### Data section
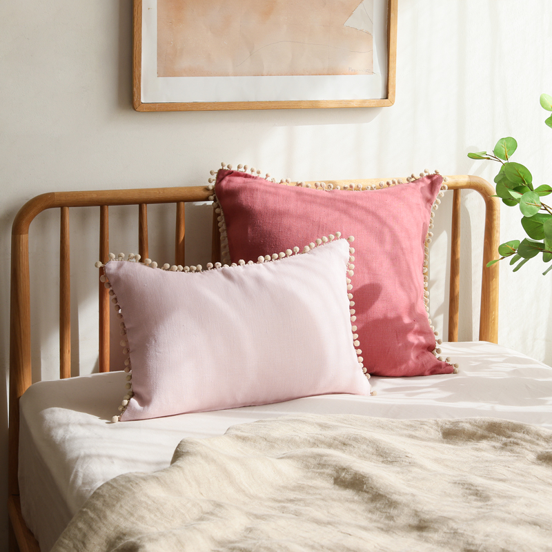 小ぶりな長方形のクッションは、1つ持っておくと、インテリアのアクセントとして活躍してくれます。リラックスタイムには、背あてや肘あて、枕にしたり、使い勝手も抜群です。
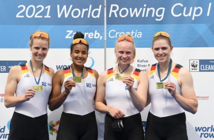 • Die Crew um Franziska Kampmann, Frieda Hämmerling, Carlotta Nwajide und Daniela Schultze holte Gold im Doppelvierer. Sie trainieren in Berlin am Ruderzentrum. Ihr Trainer ist Marcin Witkowski. Carlotta Nwajide sagte nach dem Rennen: „Unser Ziel bei den Olympischen Spielen ist in jedem Fall eine Medaille.“
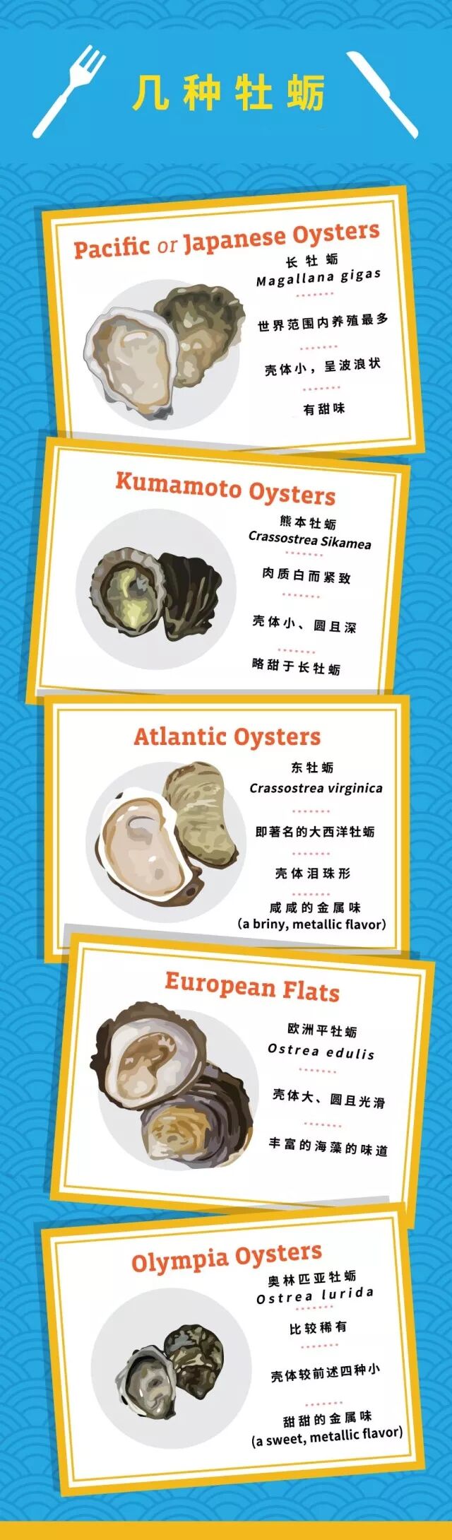 上下滑动查看,世界主要食用牡蛎物种和它们的区别。图片:Kirsten Nunez / fix.com;汉化:物种日历
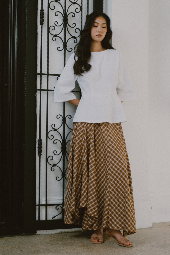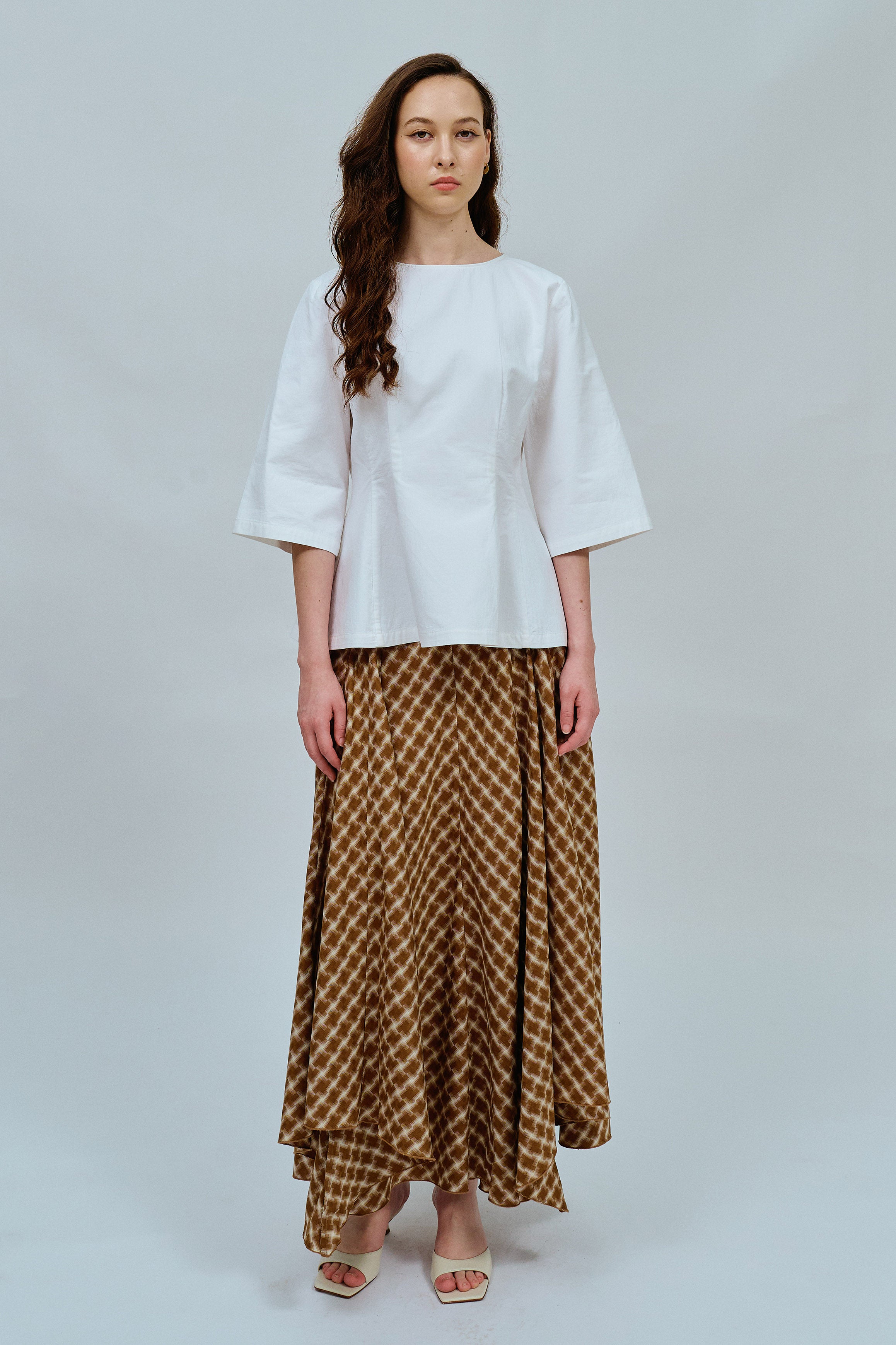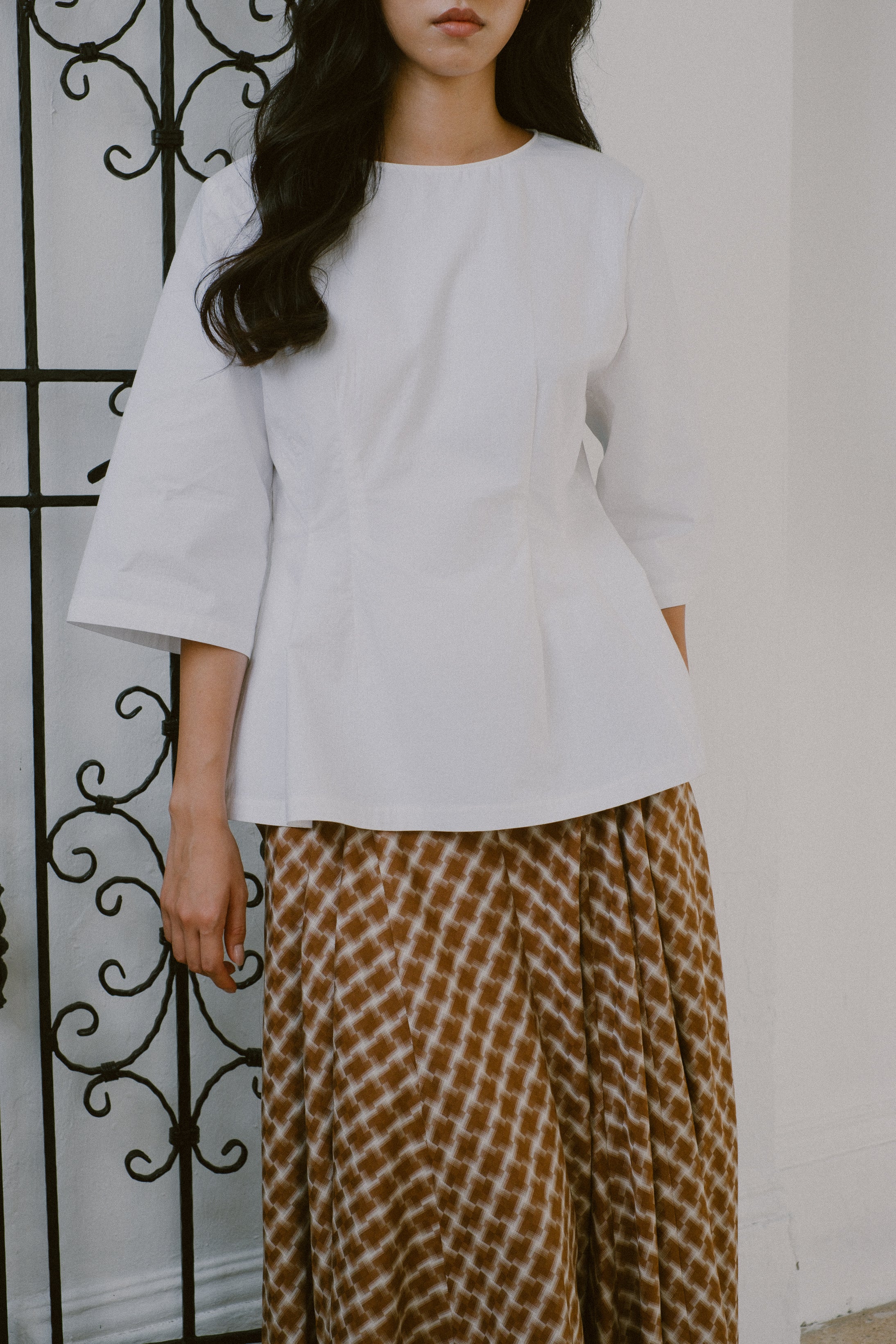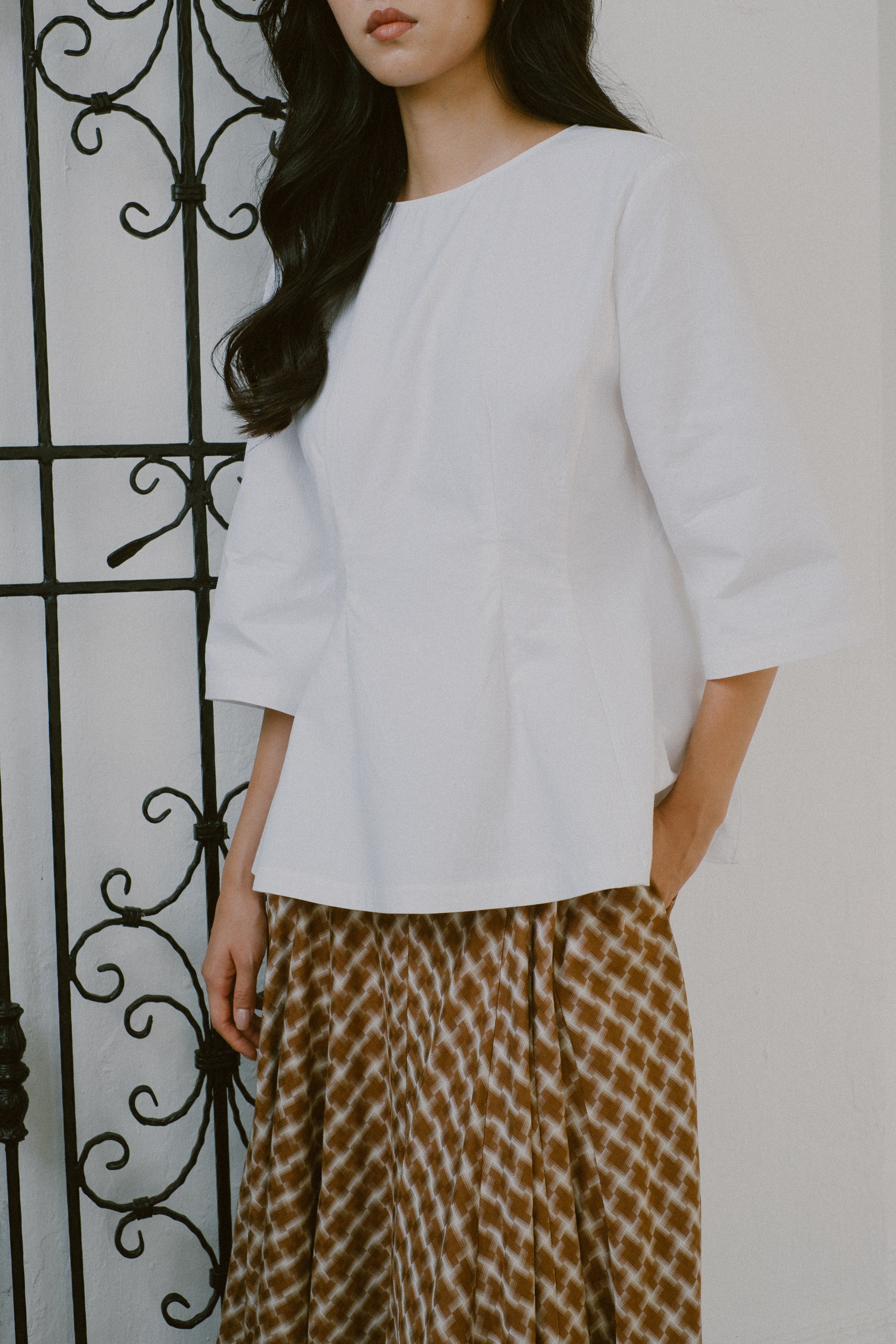 Semi-fitted silhouette with three-quarter sleeves and a subtle peplum hem. Rendered in cotton. Finished with a clean zip at the back.

### Problem
Output the complete listing exactly. Pictures stay out.

### Response for this exercise
 小ぶりな長方形のクッションは、1つ持っておくと、インテリアのアクセントとして活躍してくれます。リラックスタイムには、背あてや肘あて、枕にしたり、使い勝手も抜群です。
 • Die Crew um Franziska Kampmann, Frieda Hämmerling, Carlotta Nwajide und Daniela Schultze holte Gold im Doppelvierer. Sie trainieren in Berlin am Ruderzentrum. Ihr Trainer ist Marcin Witkowski. Carlotta Nwajide sagte nach dem Rennen: „Unser Ziel bei den Olympischen Spielen ist in jedem Fall eine Medaille.“
 上下滑动查看,世界主要食用牡蛎物种和它们的区别。图片:Kirsten Nunez / fix.com;汉化:物种日历
 Semi-fitted silhouette with three-quarter sleeves and a subtle peplum hem. Rendered in cotton. Finished with a clean zip at the back.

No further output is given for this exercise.